Wisdom

By Adam Lippe

wisdom1When Emilio Estevez turned 24 years old, directly after the success of St. Elmo’s Fire, The Breakfast Club, Repo Man, The Outsiders and writing the screenplay for the S.E. Hinton adaptation That Was Then… This Is Now, he convinced Fox to let him write, direct, and star in his own film, under the aegis of his mentor Robert Wise (West Side Story, The Sound of Music, The Haunting, The Day the Earth Stood Still, The Andromeda Strain).

The result was Wisdom, a fantastically stupid and naive Robin Hood for the ’80s. In this film, Estevez, a convicted felon for a misjudged joyride on the last night of high school, can’t find real work and decides to rob banks along with his girlfriend, Demi Moore, after seeing a news story on TV about farmers struggling to pay their mortgages to said financial institutions. Not that he’s going to steal money. Rather, he will steal the paperwork and burn it up so they can get the fresh start that he was never offered (never mind that the bank would have backups of the mortgages in a computer, not just a solitary paper copy).

Of course Estevez becomes a cult hero, embraced by the public and chased by the FBI, turned into a story of mythic proportions. And the ending. Well, that is for you to discover. Let’s just say it’s as astounding and clever as the rest of the movie, perfectly fitting in with the life lessons that a young millionaire actor could espouse upon the viewer.
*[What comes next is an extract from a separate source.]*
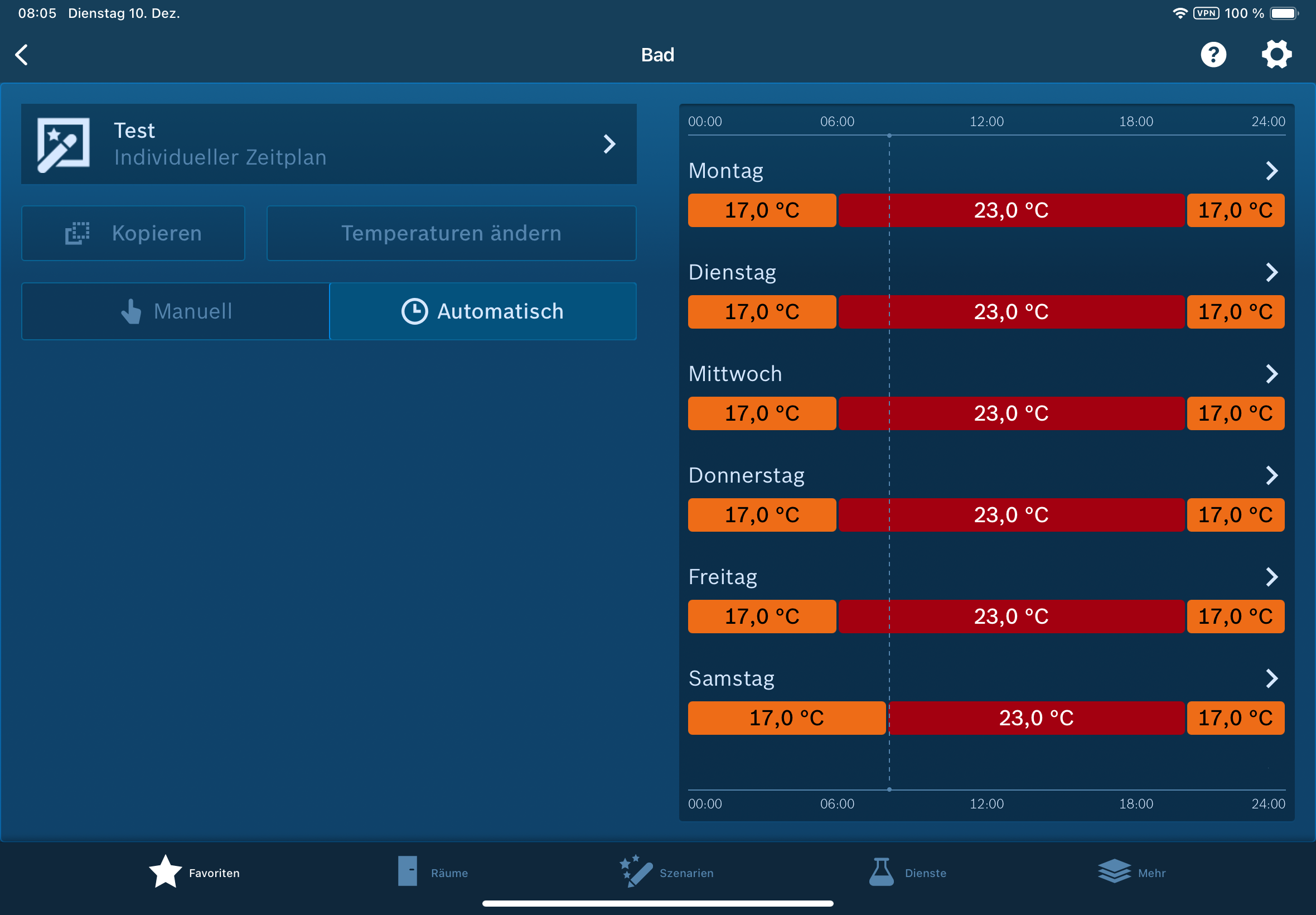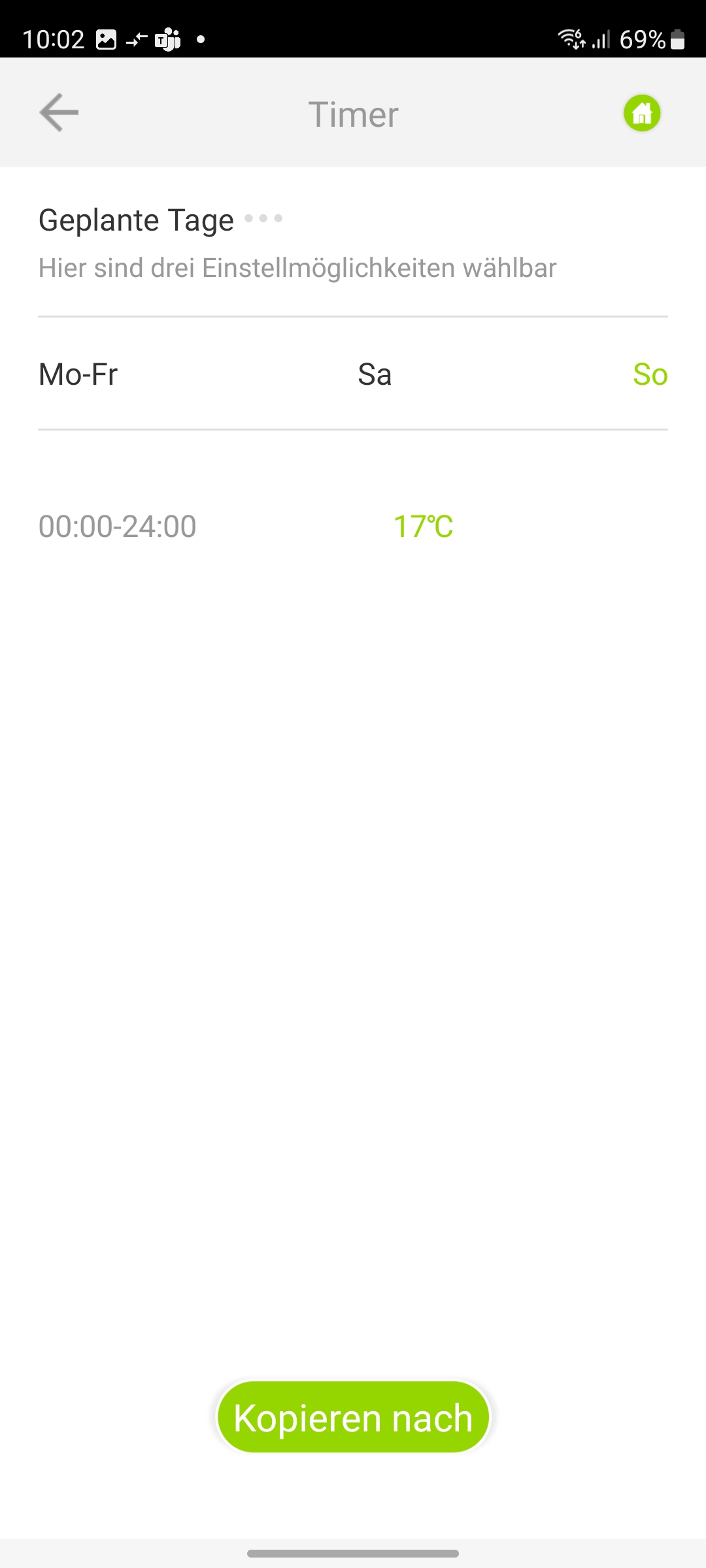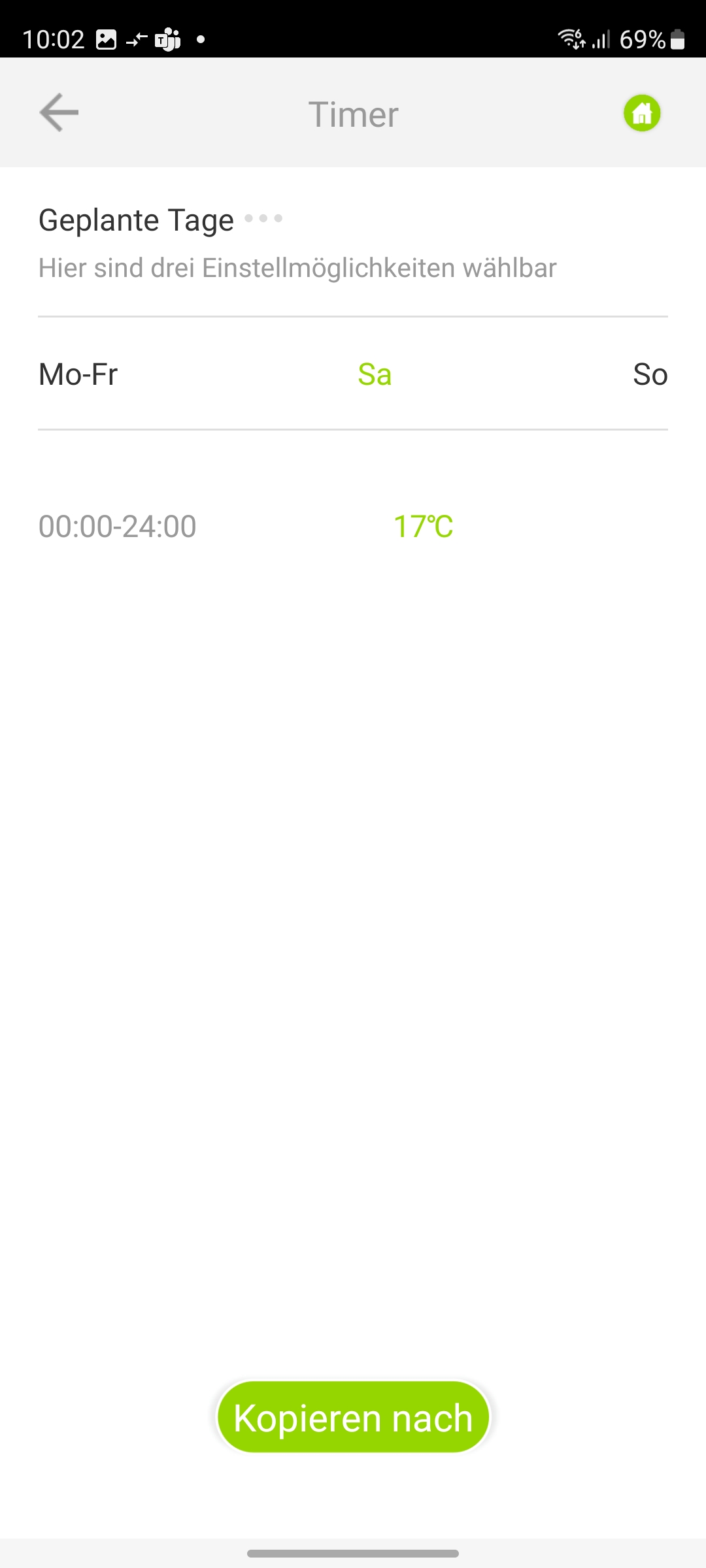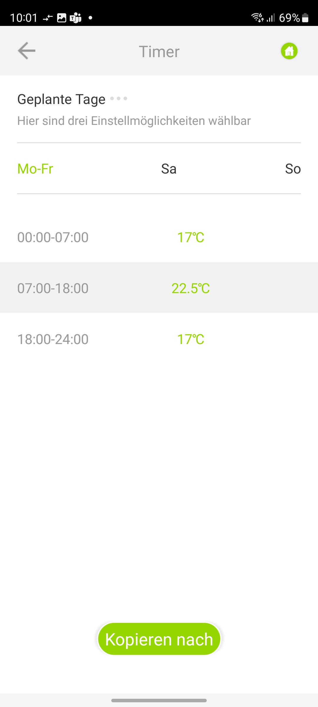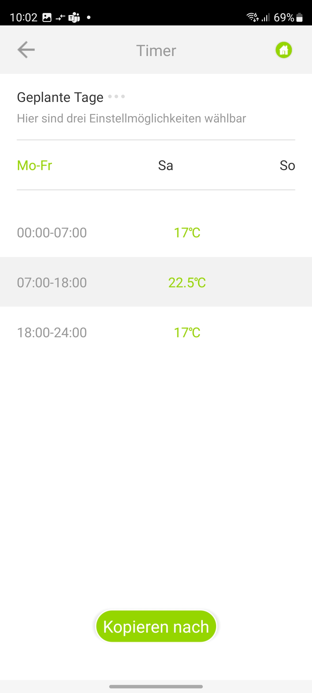 Das Erstellen von Heizplänen erfolgt über die Auswahl des Automatikmodus. Dort können Anwender Heizpläne für bestimmte Stunden und Tage erstellen. Dabei kann man diese grundsätzlich für jeden Tag oder für bestimmte Perioden wie Arbeitstage und Wochenende erstellen.

Wisdom was never given the credit it should have been. There’s hardly a more moronic film to come out of the decade, and yet people only remember comparatively brilliant works like Ishtar and Howard the Duck as disasters. Wisdom is like watching a wide-eyed infant believing he has come across the meaning of everything and he has 110 minutes to let you in on the secrets, not aware that he has no idea what he’s talking about. In other words, this movie is a must-see.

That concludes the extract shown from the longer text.